Hormone helfen, manchmal auch eine OP
Erst als die Schmerzen so stark wurden, dass sie während ihrer Menstruation nicht mehr arbeiten konnte, hat Lydia sich weiter informiert und ist schließlich zu einem Spezialisten gegangen.
Inzwischen hat sie eine Hormonspirale, die gegen die Schmerzen hilft.
Auch die Pille kann bei Endometriose verschrieben werden, sagt Professor Mechsner. Und manchmal ist eine Operation nötig.
Auf jeden Fall sollte die Krankheit behandelt werden. Zwei Drittel der befragten Endometriosepatientinnen haben in einer Untersuchung angegeben, dass unter der Krankheit auch ihre Beziehung gelitten hat. 20 Prozent haben die Endometriose sogar als Trennungsgrund genannt. Die chronischen Schmerzen schränken das Sozialleben und die Sexualität der Frauen ein, viele können keine Kinder bekommen.
Häufig wird die Krankheit nicht erkannt
Und nicht immer hat das Umfeld so viel Verständnis für die Situation wie in Lydias Fall:
"Ich hab versucht, möglichst offen damit zu sein von Anfang an. Meine Chefs waren immer so, tut mir leid, geh nach Hause, bleib im Bett und so. Und Freundinnen und Freunde haben mir auch immer geglaubt von Anfang an."
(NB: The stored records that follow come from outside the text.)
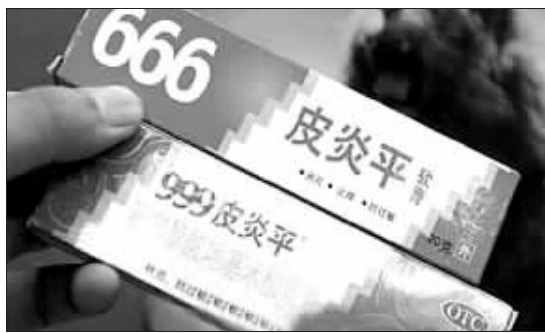
包装极为相似的两种皮炎平

□据《武汉晨报》报道 一种666皮炎平软膏的外包装与999皮炎平软膏十分相似,湖北汉阳一消费者没留神买错了药,涂抹后导致脸部皮肤发炎。12日,五里墩工商所介入调查。
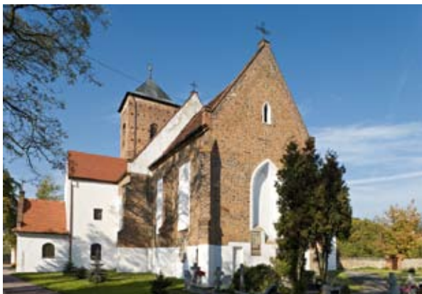
■ fot. Sośnica - kościół

Po 1945 r. majątek dzierżawiony był przez PKP od PNZ (Państwowe Nieruchomości Ziemskie) - istniały plany przystosowania pałacu na dom dla pracowników kolei. W 1949 r. powstało tu jednak gospodarstwo PGR, a pałac przeznaczono na mieszkania pracownicze, od lat 90-tych własność Agencji Nieruchomości Rolnych.
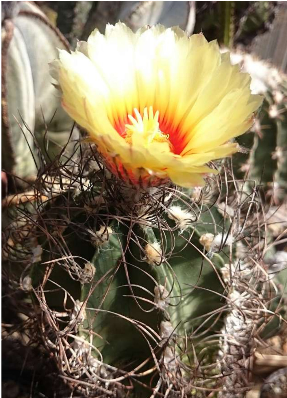
Astrophytum capricorne (früher: senile )
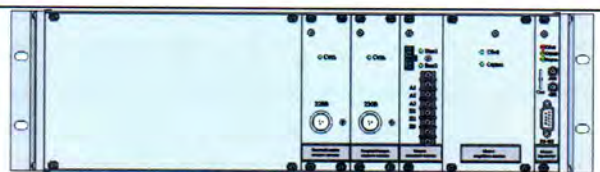
Рисунок 10 - Электронный блок резервированного блока питания повышенной надежности (вид сзади)
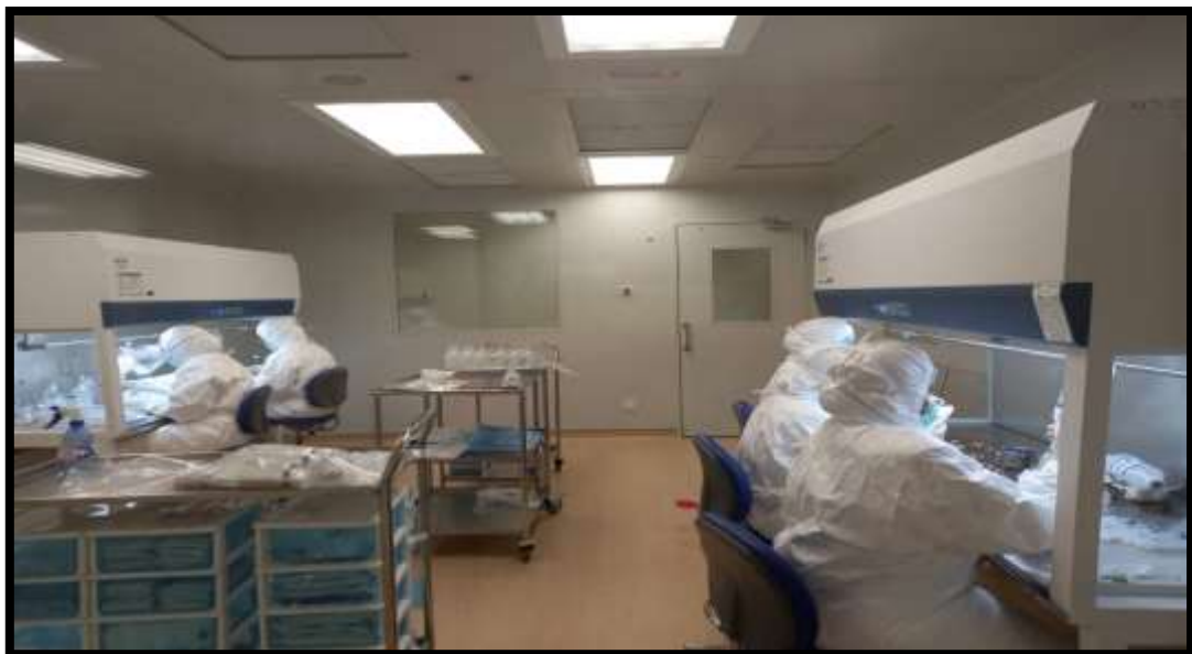
Ruang penyediaan TPN
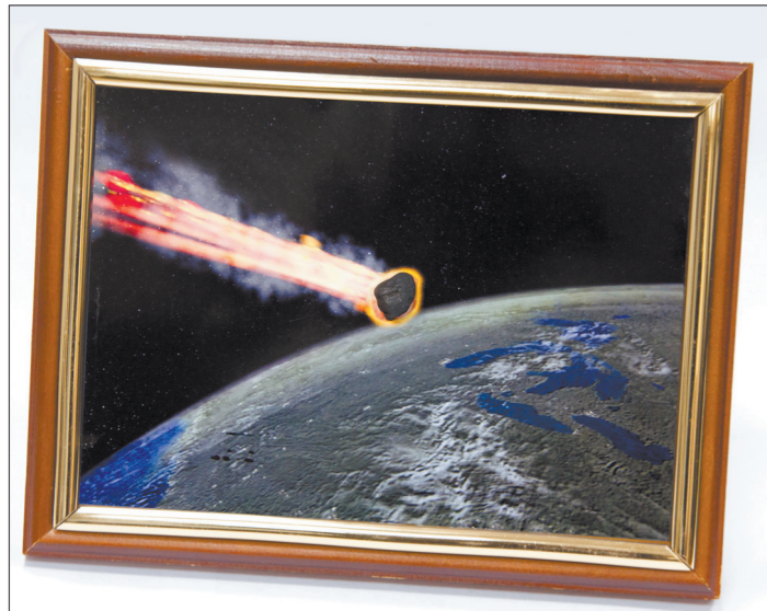
Подарок главе города — рамка с кусочком метеорита.

Одной из наиболее технически оснащенных застав, находящихся на границе Российской Федерации и Казахстана, является пограничная застава «Плодовое», расположенная рядом с городом Троицком Челябинской области. Возможности теплового сканирования территории очень пригодились нашим южным соседям после того, как над Уралом в феврале 2013 года пролетел метеорит, получивший название «Челябинский».
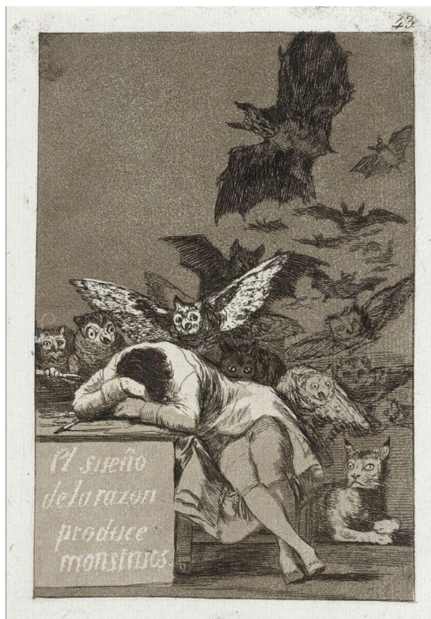
Francisco Goya. The sleep of reason produces monsters, 1799. Gravura a água forte. 30.48 × 20.32 cm.

Ambos, nas séries mencionadas, tratam dos mais diversos temas. São parte da tradição dos capriccios . Como polos opostos, entretanto, percebemos uma volta de Goya para o social, externo, enquanto Picasso se concentra nos temas internos, de amor e criação. Ter como base ambas as obras e o conjunto do qual cada uma faz parte nos oferece mais um exemplo na história da arte do uso de longas séries para tratar de uma imensa diversidade temática. Assim, artistas ao longo dos séculos vêm utilizando-se do recurso de séries-comentário sobre os temas mais amplos, como a vida, a morte, o social, a criação artística etc.
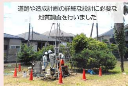
第1期地区の事業の概要は、裏面をご覧ください。
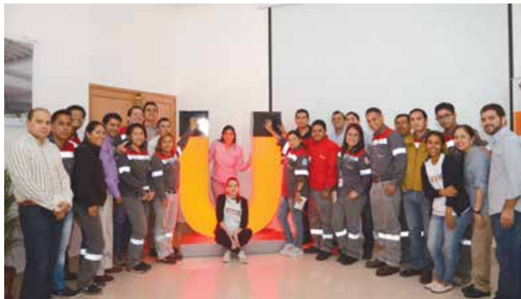
Lanzamiento de Programa de voluntariado en planta San Eduardo.
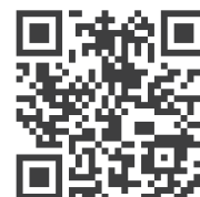
【イベント申込フォーム】
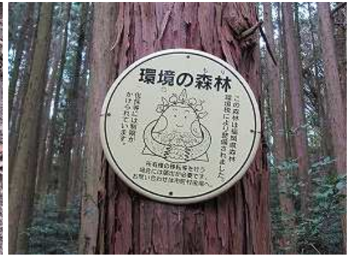
スギの幹に森林看板を見る。
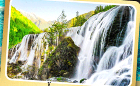
น้ำตกธารไ่่มุก

ชมโชว์เปลี่ยนหน้ากาก เมนูพิเศษ สุกหมาล่าเสฉวน
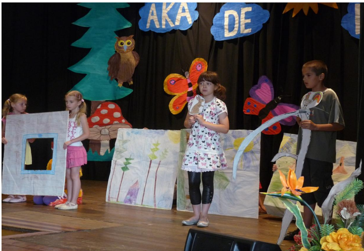
Školní akademie – divadelní vystoupení žáků 2. a 3. ročníku
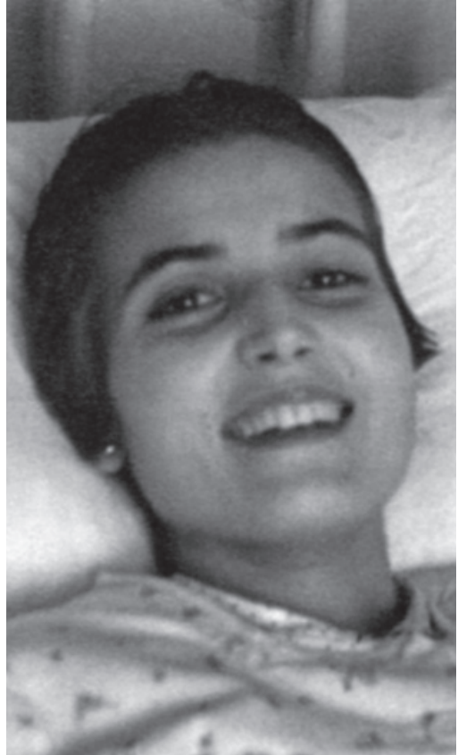
Sempre alegre fins al darrer moment
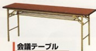
会議テーブル W1500×D450×H700 W1800×D450×H700 W1800×D600×H700 W1800×D900×H700
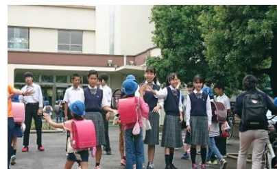
旭町小「あいさつ運動」に参加する中学生
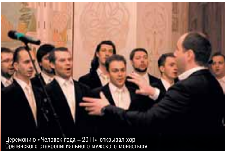
Церемонию «Человек года – 2011» открывал хор Сретенского ставропигиального мужского монастыря
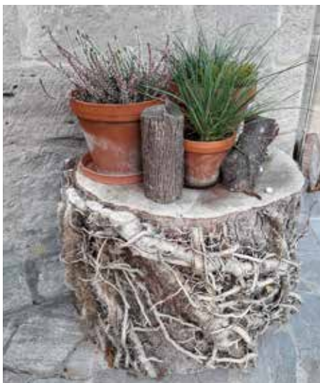
Beim Pilgern entdeckt
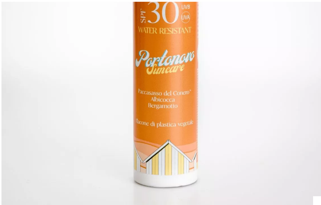
Latte Corpo Antiossidante Spf 30 di Portonovo Suncare

Expert Sun Protector Face Cream Spf 50+ di Shiseido: un potente scudo contro i raggi Uvb, combinato con un efficace filtro Uva (entrambi testati "Coral Safe"), per assicurare alla pelle protezione ad ampio spettro. Questo solare viso si basa sulla tecnologia SynchroShield, un velo protettivo che diventa più omogeneo e potente quando la pelle è esposta ad acqua o calore. Per questa edizione limitata si rinnova con un packaging più rispettoso dell'ambiente, con tubetti realizzati con il 48% in meno di plastica derivata dal petrolio. Inoltre, la sua formula è stata ricalibrata per ridurre la dispersione in mare.
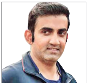
के बाद प्रेस कॉन्फ्रेंस में कहा, वे अपने देश के आम आदमी के लिए जुझना चाहते हैं। सबसे महत्वपूर्ण बात यह है कि इस टेस्ट मैच में कई लोगों ने हमारी

मैनचेस्टर। इंग्लैंड के खिलाफ चौथे टेस्ट मैच में भारत के संघर्षपूर्ण डॉन ने मुख्य कोच गौतम गंभीर के अंदर के जुझारू व्यक्तित्व को फिर से सामने ला दिया है जिन्होंने कप्तान शुभमन गिल के आलोचकों को लताड़ लगाते हुए कहा कि भारतीय टीम स्वदेश के आम आदमी के लिए खेलती है। गंभीर चाहते हैं कि उनके खिलाड़ी अतीत के नकशेकदम पर चलने के बजाय अपना इतिहास खुद बनाएं। उन्होंने कहा कि मैनचेस्टर टेस्ट में यादगार वापसी के बाद, वे इसी दिशा में आगे बढ़ रहे हैं। गंभीर ने रविवार को मैच
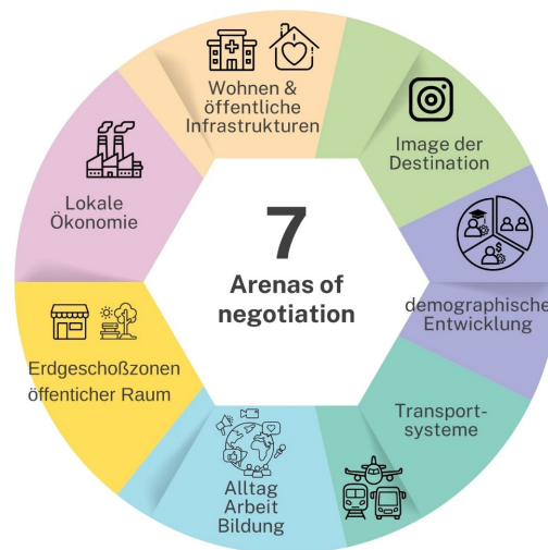
Abbildung 1: Arenen der Ausverhandlung in der Tourismusentwicklung. Grafik: Cornelia Dlabaja

Diese Neuordnung hat Auswirkungen auf die Zusammensetzung der lokalen Wirtschaft und führt in Städten wie Venedig oder Lissabon in Teilen der Stadt zu einer wirtschaftlichen Monokultur (Van da Borg, 1997; Russo, 2002), die sich auf das Alltagsleben ihrer Bewohnerinnen und Bewohner negativ auswirkt. Das Ergebnis sind überfüllte öffentliche Räume in der Hochsaison, die als Kulisse für Fotos dienen (D'Erasmus, 2017), die über soziale Medien verbreitet werden. Gleichzeitig entsteht eine Tourismuswirtschaft, die sich nicht an den Bedürfnissen der lokalen Bevölkerung orientiert, sodass Souvenirläden und Restaurants Geschäfte für Waren des täglichen Bedarfs ersetzen (Urry, 2002). Der Wohnungsmarkt wird durch Kurzzeitvermietungen verändert, was die Einwohnerzahl senkt. Familien ziehen aus den touristischen Stadtvierteln weg und Schulen schließen (Dlabaja, 2026; Russo, 2002). Dies wirkt sich negativ auf die demografische Struktur der Nachbarschaften aus. Diese Entwicklung wird in Städten wie Venedig, Hallstatt oder Salzburg durch die Imageproduktion in Filmen, Serien und sozialen Medien verstärkt (Urry, 2002). Zusätzlich beeinflussen touristische Mobilitätsinfrastrukturen, wie Häfen, (Bus)Bahnhöfe und Flughäfen die Touristenströme.
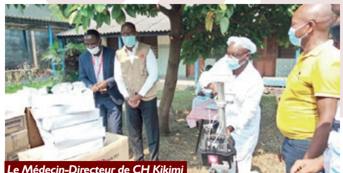
Le Médecin-Directeur de CH Kikimi recevant les équipements du Sec. Exécutif de Caritas Congo Asbl
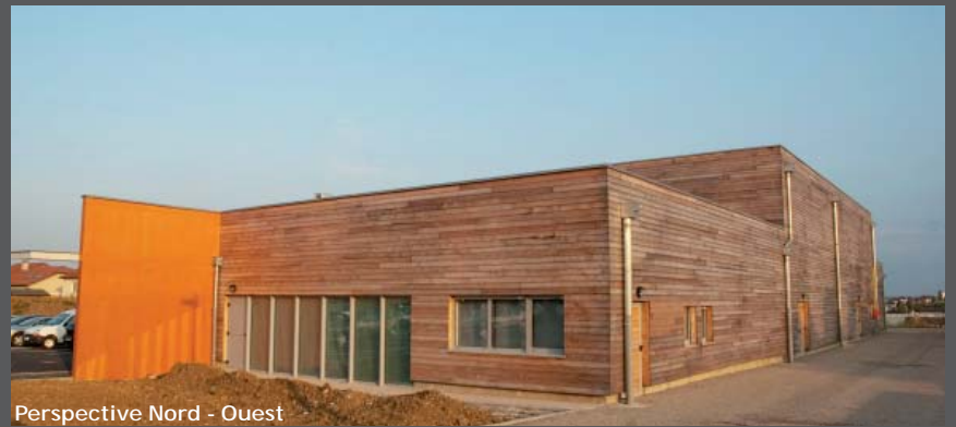
Perspective Nord - Ouest
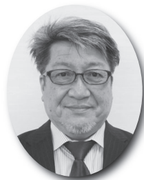
委 員 伊 藤 知
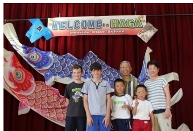
ホストファミリーとの マッチング
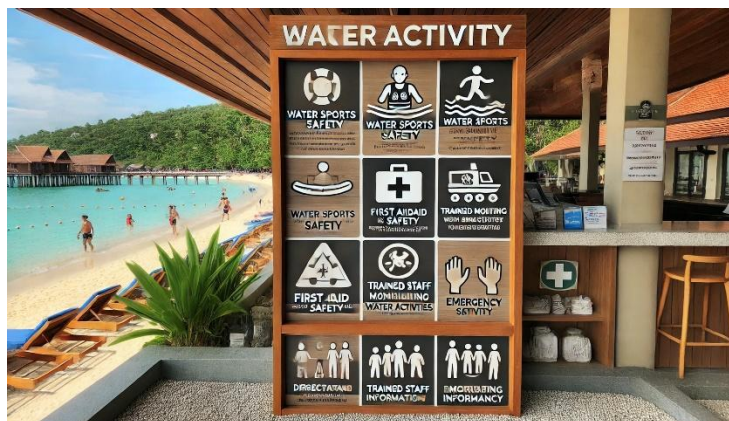
ภาพที่ 3 ความต้องการของนักท่องเที่ยวต่อการจัดการภูมิทัศน์ในโรงแรมริมทะเล ในด้านสิ่งอำนวยความสะดวกและความปลอดภัย
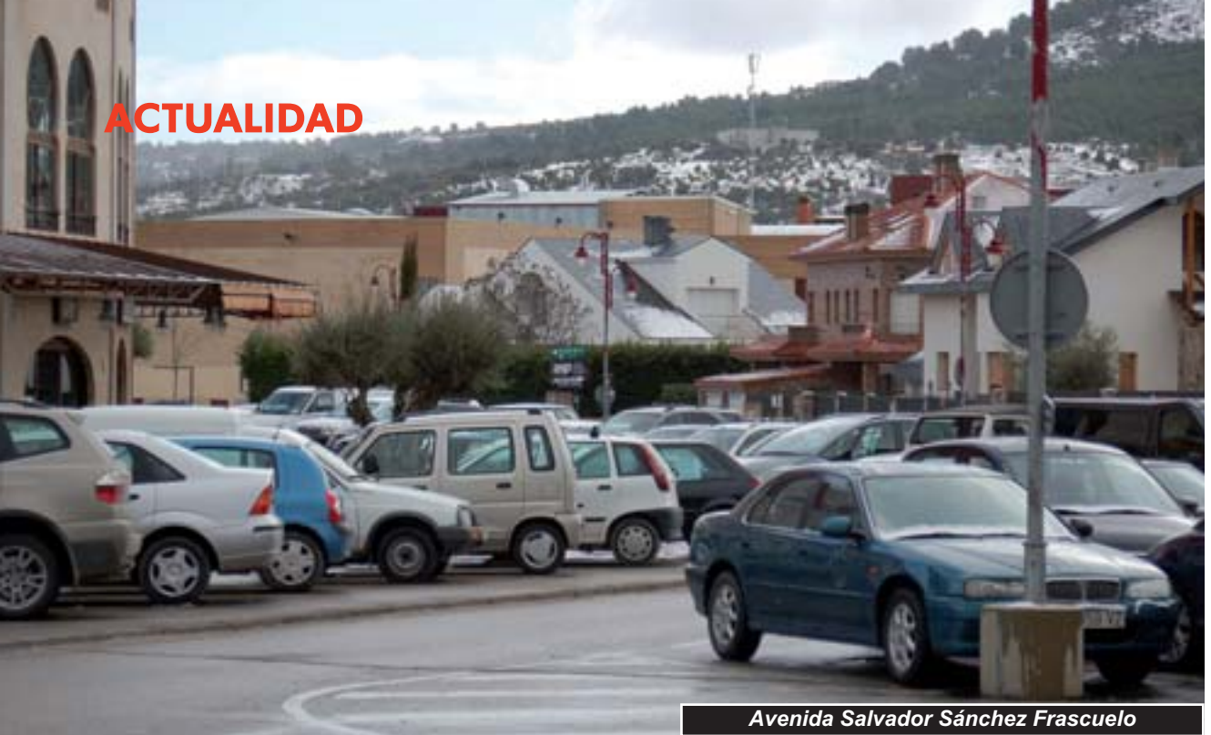
Avenida Salvador Sánchez Frascuelo
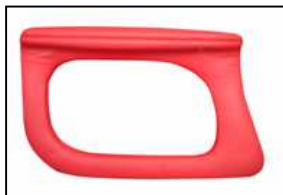
BRACCIOLO 0645 IMBOTTITO Arms 0645 padded
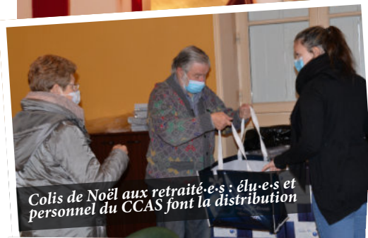
Colis de Noël aux retraité-e-s ; élu-e-s et personnel du CCAS font la distribution
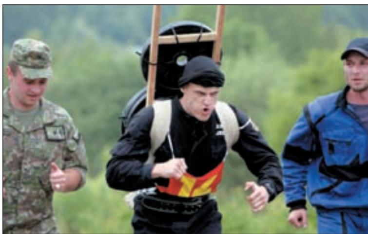
Koncom mája sa na Lešti konali hneď dve podujatia, na ktorých si reprezentanti silových rezortov mohli zmerať svoje svaly a schopnosti s kolegami z iných zložiek i zo zahraničia. Ministerstvo obrany už po deviaty raz zorganizovalo súťaž Železný muž roka, ministerstvo vnútra zasa siedmy ročník Medzinárodnej súťaže zásahových jednotiek krajín V 4. Príslušníci PZ sa nedali zahanbiť. Viac vo vnútri čísla.
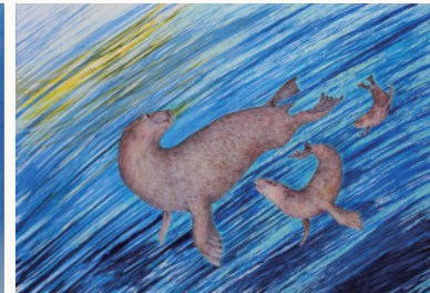
浩而魅諭 <アロデスムス>
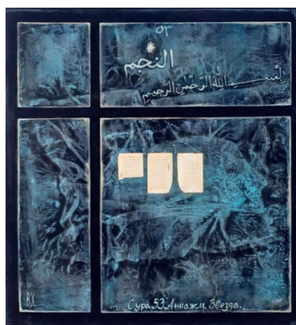
Рисунок 4. «Сура 53. Аннажм. Звезда». Василь Ханнанов
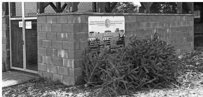
Vianočné stromčeky pri stojiskách
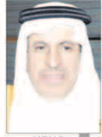
عبد العزيز الفايز

تضمن سفير خادم الحرمين الشريفين لسدي الكويت د.عبد العزيز بن إبراهيم الفايز الأمر السامي الذي أصدره خادم الحرمين الشريفين الملك سلمان بن عبدالعزيز آل سعود الليلة قبل الماضية بإعتماد تطبيق أحكام نظام المرور ولائحته التنفيذية بما فيها إصدار رخص القيادة للذكور والإناث على حد سواء. وأضاف السفير د.الفايز في تصريح صحفي أمس إن خادم الحرمين الشريفين يحفظه الله يتوخى دوماً مصلحة الوطن والمواطنين وأن هذا الأمر الكريم يمثل قراراً تاريخياً من قائدنا التاريخي يؤكد حرصه يحفظه الله على مواكبة التطورات والتحديات التي يعيشها المجتمع السعودي بما يتوافق مع الضوابط الشرعية
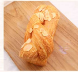
丹麥吐司 $60 數量：_____
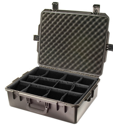
iM2700-X0002 With Padded Dividers
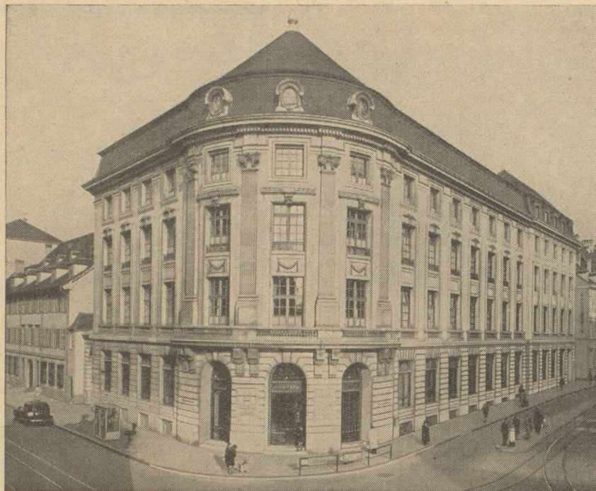
HOTEL DE LA BANQUE A BALE
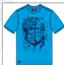
RF 333 gitane blue ID: 19795
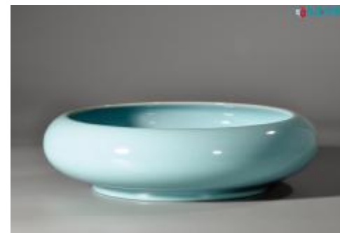
弘宝汝瓷作品 罗汉洗

在宋代,汝瓷的创造意识表现在釉色、造型、工艺技能等方面,如青釉在透明的青玻璃釉基础上发明了天青、天蓝、粉青的乳油釉。其造型上,常参照商周、两汉时期的青铜礼器与玉器的风格,然仿古而不佞古,完全摆脱了青铜礼器的繁琐装饰风格,而形成了不事装饰的极简风格。工艺技法上,多采用模制,体现了严谨与理性。在烧成技法上,改进了窑炉结构。烧成制度上,更加科学精细,已能熟练掌握烧成范围。在审美判断上,已经熟练综合运用多种工艺技法。天青乳油釉的发明和使用,使汝瓷造型的角与点减少了突出感,釉层表面变化更加柔和,更加含蓄,更加内敛,但从内到外又透着一股霸气,一种王者之气。在整体视觉上体现了谐调的格调,凸起角和凹进角同时存在于造型的局部,丰富了视觉效果。如汝瓷典型器型莲花碗等,视觉构成要素直线和曲线的巧妙使用,增强了形式美感。如作品柳条纹钵,造型内部内外面相交接的线,表现了严格的工艺技术,给人以明确和丰富的印象。
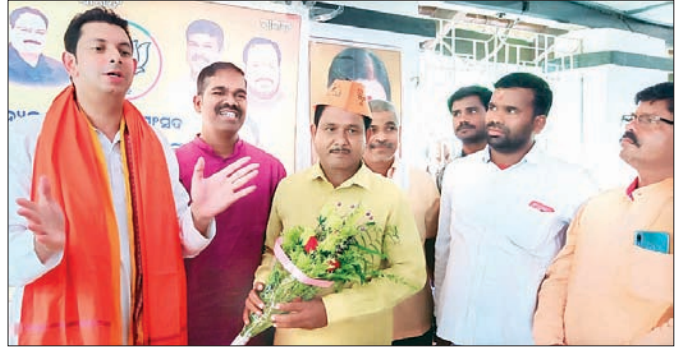
ନୂତନ କର୍ମୀଙ୍କୁ ଦଳରେ ସ୍ୱାଗତ କରାଯାଉଛି।
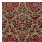
T0709001 Kenya red
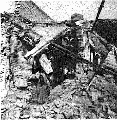
ارمغان ارتجاع برای مردم، مرگ و ویرانی

خارک حمله برده و بخشی از تاسیسات نفتی آن را با
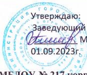
График выдачи питания в МБДОУ № 217 корпус Б

ОКПО 53640952 ОГРН 1032402644449 ИНН/КПП 2465047118/246501001

In jedem Fall müsse mehr über Regelschmerzen und Endometriose gesprochen werden, sagt auch Professor Mechsner. Zu häufig wird Endometriose nicht erkannt, die Schmerzen nicht ernstgenommen. Das hat nicht zuletzt auch gesellschaftliche Gründe:
"Es gibt keine Männerkrankheit, die so schmerzhaft ist, und wenn es das geben würde, wäre da garantiert schon eine Lösung gefunden. Also Frauen sind ganz sicher sehr stark dadurch eingeschränkt. Wenn ich mir vorstelle, ich als Chirurgin müsste sagen, im OP, einer Männerwelt – auch – ich hab heute meine Tage, ich kann heute diese fünf Stunden OP nicht machen, wäre undenkbar. Von daher wird das eben sehr heruntergespielt, nicht so wahrgenommen in der Gesellschaft."